Supplied material
=== Section Start ===

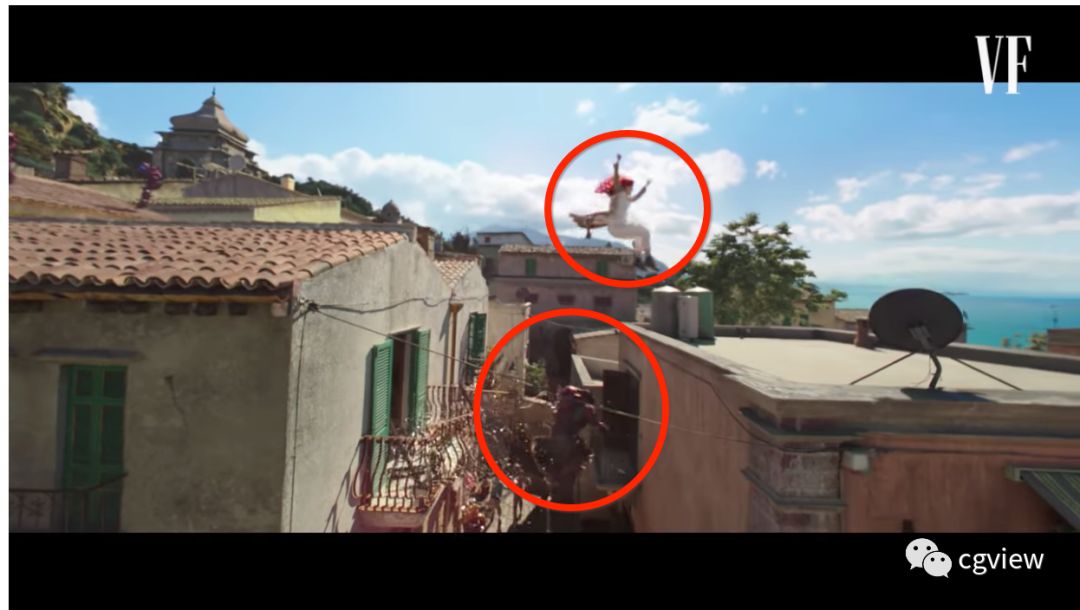 从视频00:36镜头从屋内摇出室外一直跟在Mera那部分开始,第一组特技演员负责屋顶上直线运动的跑位,当Mera转了90度继续跑的时候换成第二组特技演员,也就是在视频46s的时候,转角的地方放了个烟囱。第一组跑完躲在烟囱后面,换第二组。
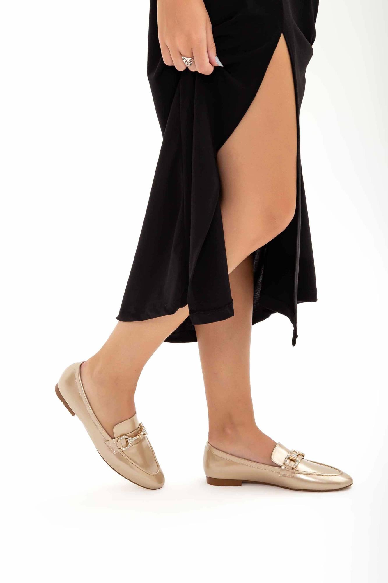 Tamer Tanca Kadın Vegan Altın Rugan Loafer Ayakkabı
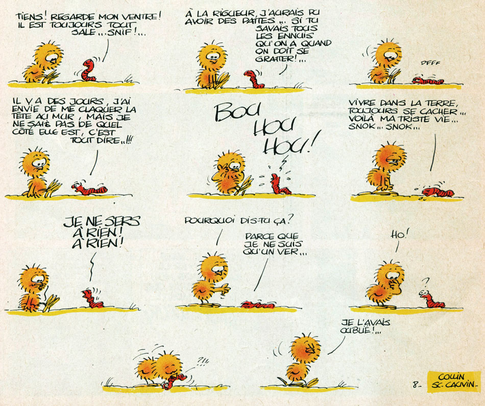 With scriptwriter Raoul Cauvin, Collin subsequently made little over a dozen gags starring the philosophical and observant chick 'Christobald' (Spirou, 1975-1976). In 1977, Collin drew the three-page story 'Authentique: Histoire à Rire et à Pleurer' for issue #34 L'Écho des Savanes (written by Yves Frémion). In 1978-1979, her artwork additionally appeared in the first three issues of Le 9e Rêve, the student magazine of the Saint-Luc comics section.
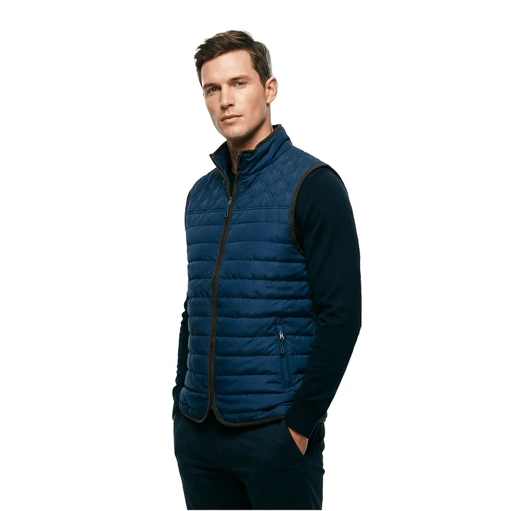 • 100% quilted nylon puffer vest with flannel-lined interior

=== Section End ===

What you are asked to do
Omit the pictures and give the material again, exactly and in full.

Exercise solution
 从视频00:36镜头从屋内摇出室外一直跟在Mera那部分开始,第一组特技演员负责屋顶上直线运动的跑位,当Mera转了90度继续跑的时候换成第二组特技演员,也就是在视频46s的时候,转角的地方放了个烟囱。第一组跑完躲在烟囱后面,换第二组。
 Tamer Tanca Kadın Vegan Altın Rugan Loafer Ayakkabı
 With scriptwriter Raoul Cauvin, Collin subsequently made little over a dozen gags starring the philosophical and observant chick 'Christobald' (Spirou, 1975-1976). In 1977, Collin drew the three-page story 'Authentique: Histoire à Rire et à Pleurer' for issue #34 L'Écho des Savanes (written by Yves Frémion). In 1978-1979, her artwork additionally appeared in the first three issues of Le 9e Rêve, the student magazine of the Saint-Luc comics section.
 • 100% quilted nylon puffer vest with flannel-lined interior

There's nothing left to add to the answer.